Arg-K-Min reduction

Using the pykeops.numpy API, we define a dataset of N points in \(\mathbb R^D\) and compute for each point the indices of its K nearest neighbours (including itself).


Standard imports:

import time
import numpy as np
import matplotlib.pyplot as plt
from pykeops.numpy import Genred

Define our dataset:

N = 1000  # Number of points
D = 2     # Dimension of the ambient space
K = 3     # Number of neighbors to look for

dtype = 'float32'  # May be 'float32' or 'float64'

x = np.random.rand(N,D).astype(dtype)

KeOps Kernel

formula   =  'SqDist(x,y)'          # Use a simple Euclidean (squared) norm
variables = ['x = Vi('+str(D)+')',  # First arg : i-variable, of size D
             'y = Vj('+str(D)+')']  # Second arg: j-variable, of size D

# N.B.: The number K is specified as an optional argument `opt_arg`
my_routine = Genred(formula, variables, reduction_op='ArgKMin', axis=1,
                    dtype=dtype, opt_arg=K)

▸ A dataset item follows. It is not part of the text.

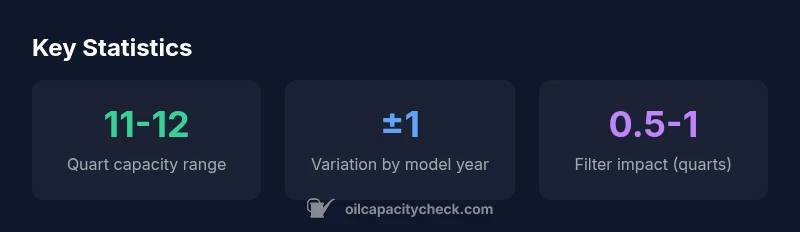 Typically 11–12 quarts with the filter installed. Exact capacity varies with pan size and filter type, so always verify with your manual or a VIN-based lookup.
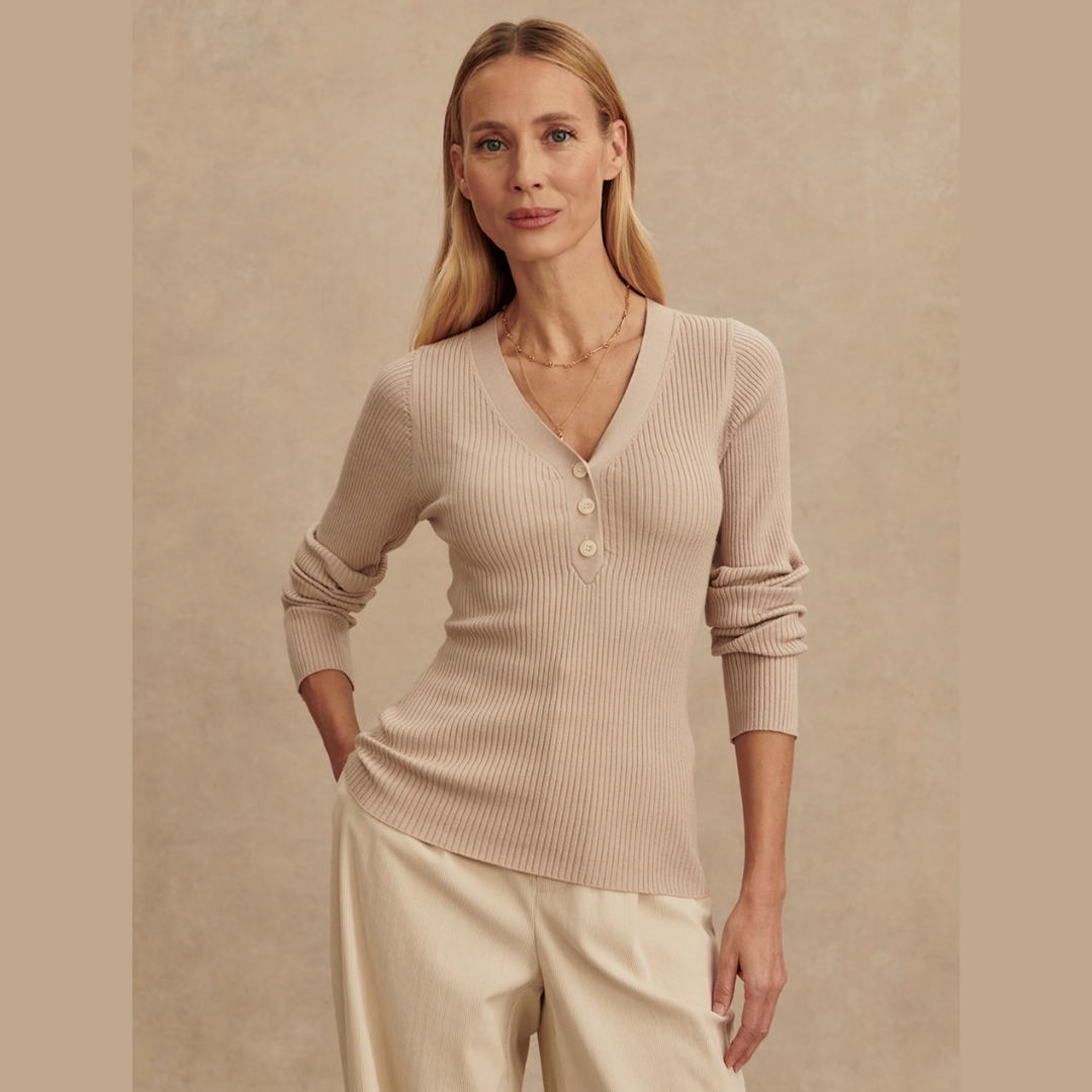 slim-fitting, fine knit designed for effortless layering, the Blanca is both perfect to wear underneath a gilet or style on its own. Made from viscose yarn in a fine-gauge stitch, it's super soft and comfortable. The Blanca has an elegant, flattering design, elevated with a V-neckline, V-placket, and button front.

Using our new pykeops.numpy.Genred() routine, we perform a K-nearest neighbor search ( reduction_op = "ArgKMin" ) over the \(j\) variable \(y_j\) ( axis = 1):


If CUDA is available and backend is "auto" or not specified, KeOps will:

  1. Load the data on the GPU
  2. Perform the computation on the device
  3. Unload the result back to the CPU

as it is assumed to be most efficient for large-scale problems. By specifying backend = "CPU" in the call to my_routine, you can bypass this procedure and use a simple C++ for loop instead.

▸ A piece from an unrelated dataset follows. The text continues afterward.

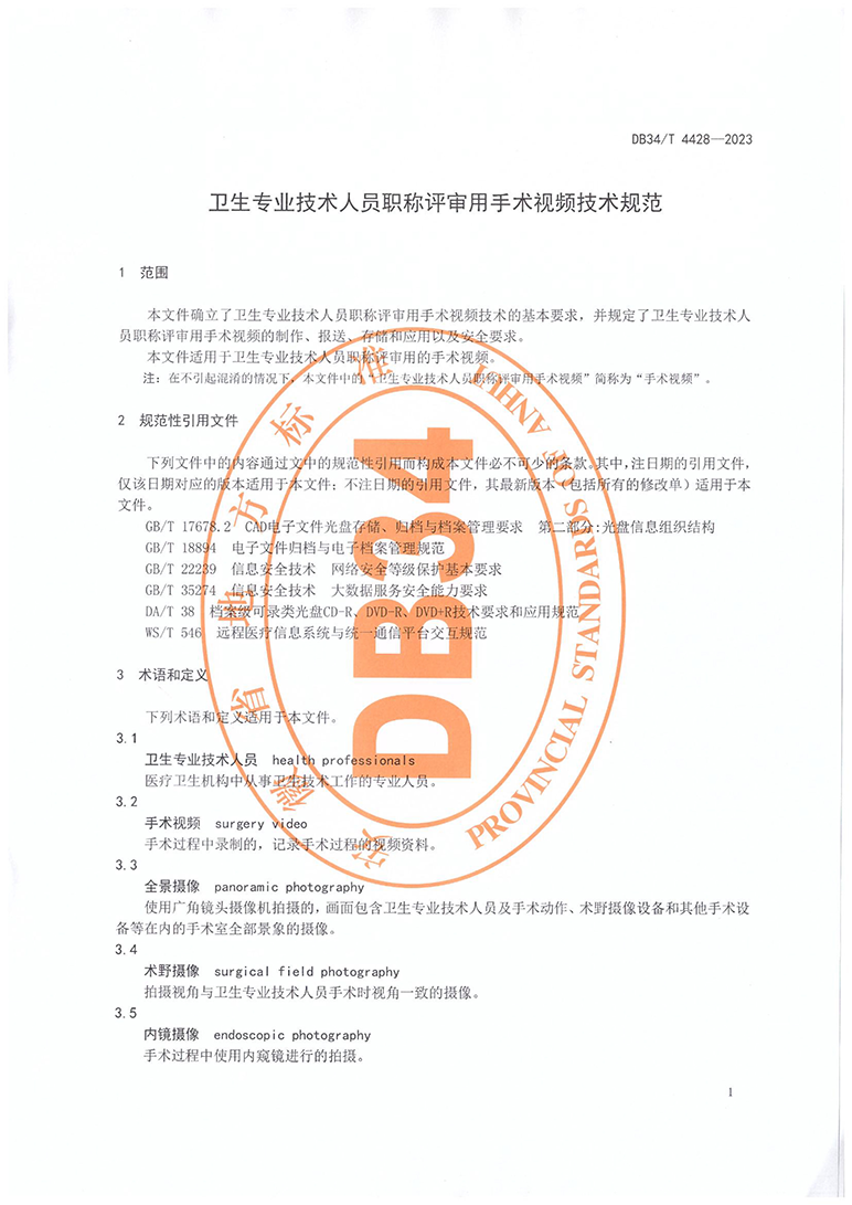 《衛(wèi)生專業(yè)技術(shù)人員職稱評(píng)審用手術(shù)視頻技術(shù)規(guī)范》是為了貫徹落實(shí)《關(guān)于深化衛(wèi)生專業(yè)技術(shù)人員職稱制度改革的指導(dǎo)意見》(人社部發(fā)[2021]51號(hào))要求:衛(wèi)生系列高級(jí)專業(yè)技術(shù)資格的申報(bào)人員在晉升職稱時(shí)以提交其他成果代表作包括手術(shù)視頻?!缎l(wèi)生專業(yè)技術(shù)人員職稱評(píng)審用手術(shù)視頻技術(shù)規(guī)范》已于2023年4月1日正式發(fā)布實(shí)施,目前正在安徽省各個(gè)地市進(jìn)行宣貫。標(biāo)準(zhǔn)的頒布實(shí)施,將有著重要意義:

# Dummy first call to warm-up the GPU and thus get an accurate timing:
my_routine( np.random.rand(10,D).astype(dtype),
            np.random.rand(10,D).astype(dtype) )

# Actually perform our K-nn search:
start = time.time()
ind = my_routine(x, x, backend="auto")
print("Time to perform the K-nn search: ",round(time.time()-start,5),"s")

# The result is now an (N,K) array of integers:
print("Output values :")

plt.scatter(x[:,0], x[:,1], s= 25*500 / len(x))

for k in range(K):  # Highlight some points and their nearest neighbors
    plt.scatter(x[ ind[:4,k], 0],x[ ind[:4,k], 1], s= 100)

plt.axis("equal") ; plt.axis([0,1,0,1])


Time to perform the K-nn search:  0.00057 s
Output values :
[[  0 295 201]
 [  1  23 627]
 [  2 256 218]
 [997  37 532]
 [998 748 507]
 [999 647 637]]

Total running time of the script: ( 0 minutes 2.595 seconds)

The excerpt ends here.